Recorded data
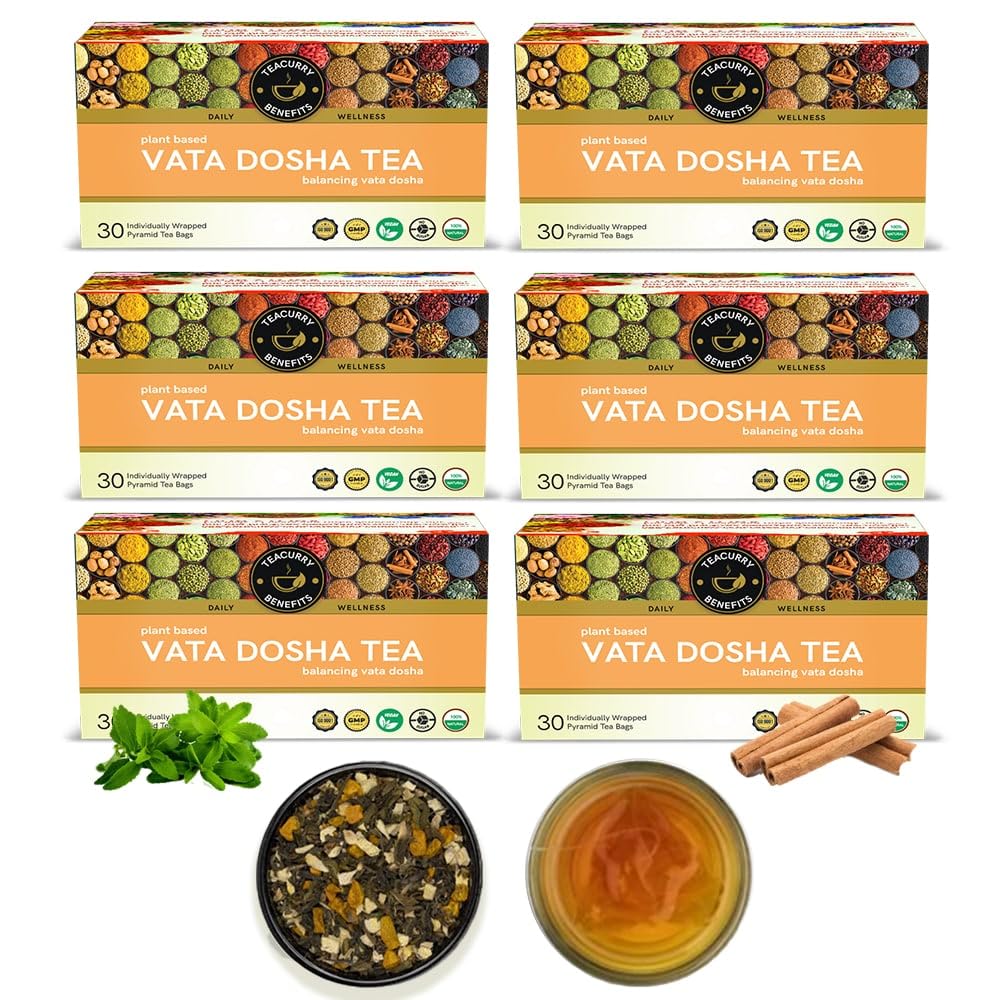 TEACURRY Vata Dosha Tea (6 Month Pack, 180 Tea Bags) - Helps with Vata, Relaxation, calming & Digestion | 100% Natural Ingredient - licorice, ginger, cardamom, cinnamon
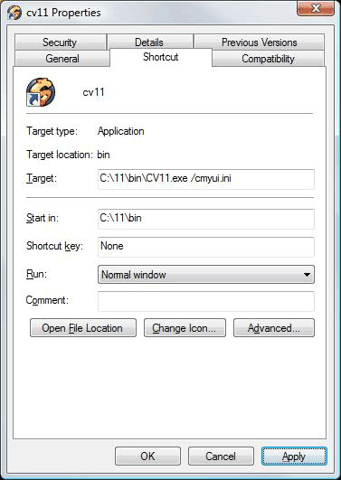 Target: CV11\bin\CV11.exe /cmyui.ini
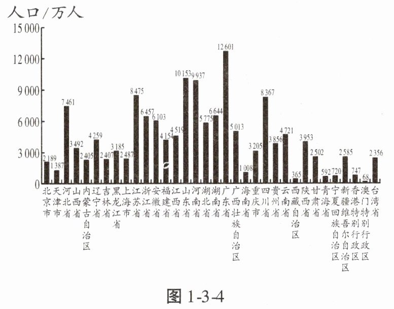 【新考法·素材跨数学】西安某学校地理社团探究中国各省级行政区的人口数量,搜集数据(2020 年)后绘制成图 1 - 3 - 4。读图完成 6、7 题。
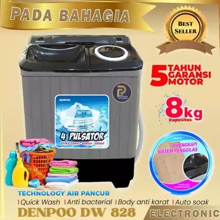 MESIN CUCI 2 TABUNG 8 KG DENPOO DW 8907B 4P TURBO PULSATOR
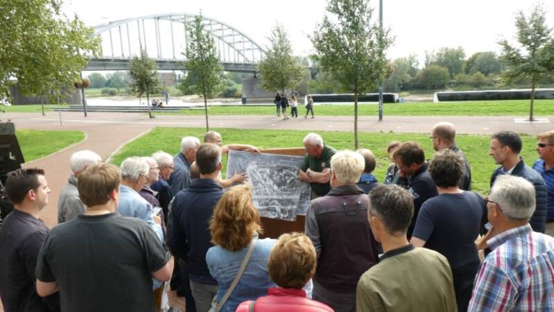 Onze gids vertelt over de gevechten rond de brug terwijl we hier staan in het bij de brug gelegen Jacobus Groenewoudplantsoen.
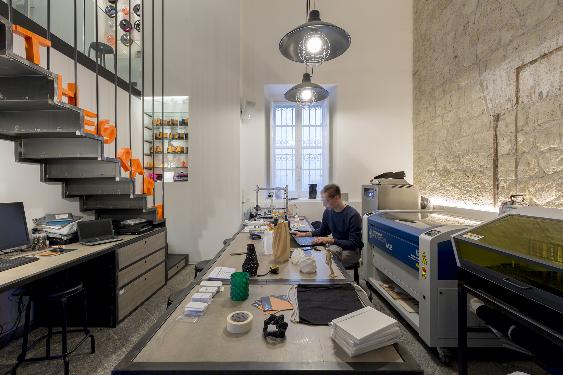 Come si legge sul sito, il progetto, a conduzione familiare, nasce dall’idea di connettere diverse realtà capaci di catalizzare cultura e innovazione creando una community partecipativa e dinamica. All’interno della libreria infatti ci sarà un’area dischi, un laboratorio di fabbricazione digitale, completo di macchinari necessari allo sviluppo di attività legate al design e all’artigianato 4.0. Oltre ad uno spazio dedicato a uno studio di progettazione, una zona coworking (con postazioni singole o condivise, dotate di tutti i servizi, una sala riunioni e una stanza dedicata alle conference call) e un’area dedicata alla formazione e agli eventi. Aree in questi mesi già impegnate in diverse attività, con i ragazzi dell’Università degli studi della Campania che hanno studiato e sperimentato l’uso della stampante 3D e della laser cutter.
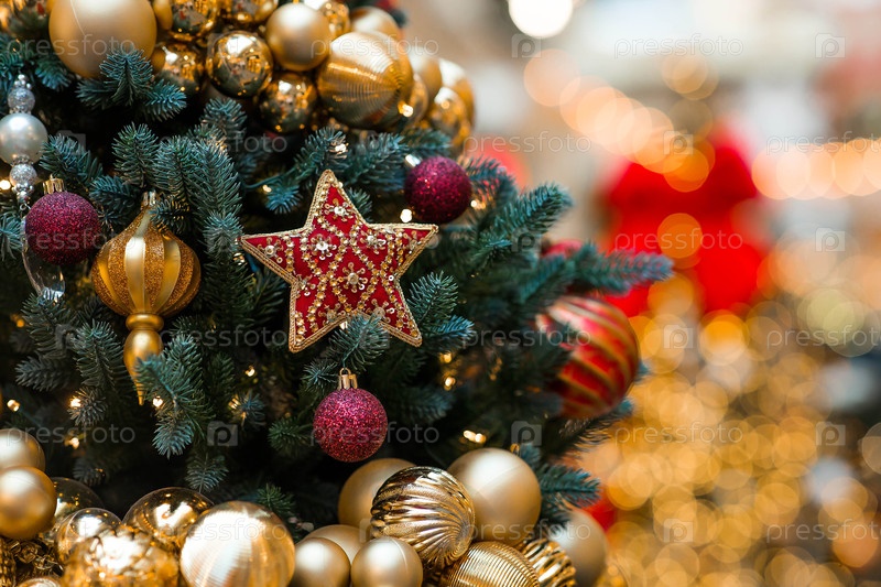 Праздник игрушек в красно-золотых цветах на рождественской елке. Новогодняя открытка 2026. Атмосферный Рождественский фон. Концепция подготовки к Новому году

__ABOUT THIS EXERCISE__
Restate the records above verbatim. Pictures stay out.

__REPLY__
 TEACURRY Vata Dosha Tea (6 Month Pack, 180 Tea Bags) - Helps with Vata, Relaxation, calming & Digestion | 100% Natural Ingredient - licorice, ginger, cardamom, cinnamon
 Target: CV11\bin\CV11.exe /cmyui.ini
 【新考法·素材跨数学】西安某学校地理社团探究中国各省级行政区的人口数量,搜集数据(2020 年)后绘制成图 1 - 3 - 4。读图完成 6、7 题。
 MESIN CUCI 2 TABUNG 8 KG DENPOO DW 8907B 4P TURBO PULSATOR
 Onze gids vertelt over de gevechten rond de brug terwijl we hier staan in het bij de brug gelegen Jacobus Groenewoudplantsoen.
 Come si legge sul sito, il progetto, a conduzione familiare, nasce dall’idea di connettere diverse realtà capaci di catalizzare cultura e innovazione creando una community partecipativa e dinamica. All’interno della libreria infatti ci sarà un’area dischi, un laboratorio di fabbricazione digitale, completo di macchinari necessari allo sviluppo di attività legate al design e all’artigianato 4.0. Oltre ad uno spazio dedicato a uno studio di progettazione, una zona coworking (con postazioni singole o condivise, dotate di tutti i servizi, una sala riunioni e una stanza dedicata alle conference call) e un’area dedicata alla formazione e agli eventi. Aree in questi mesi già impegnate in diverse attività, con i ragazzi dell’Università degli studi della Campania che hanno studiato e sperimentato l’uso della stampante 3D e della laser cutter.
 Праздник игрушек в красно-золотых цветах на рождественской елке. Новогодняя открытка 2026. Атмосферный Рождественский фон. Концепция подготовки к Новому году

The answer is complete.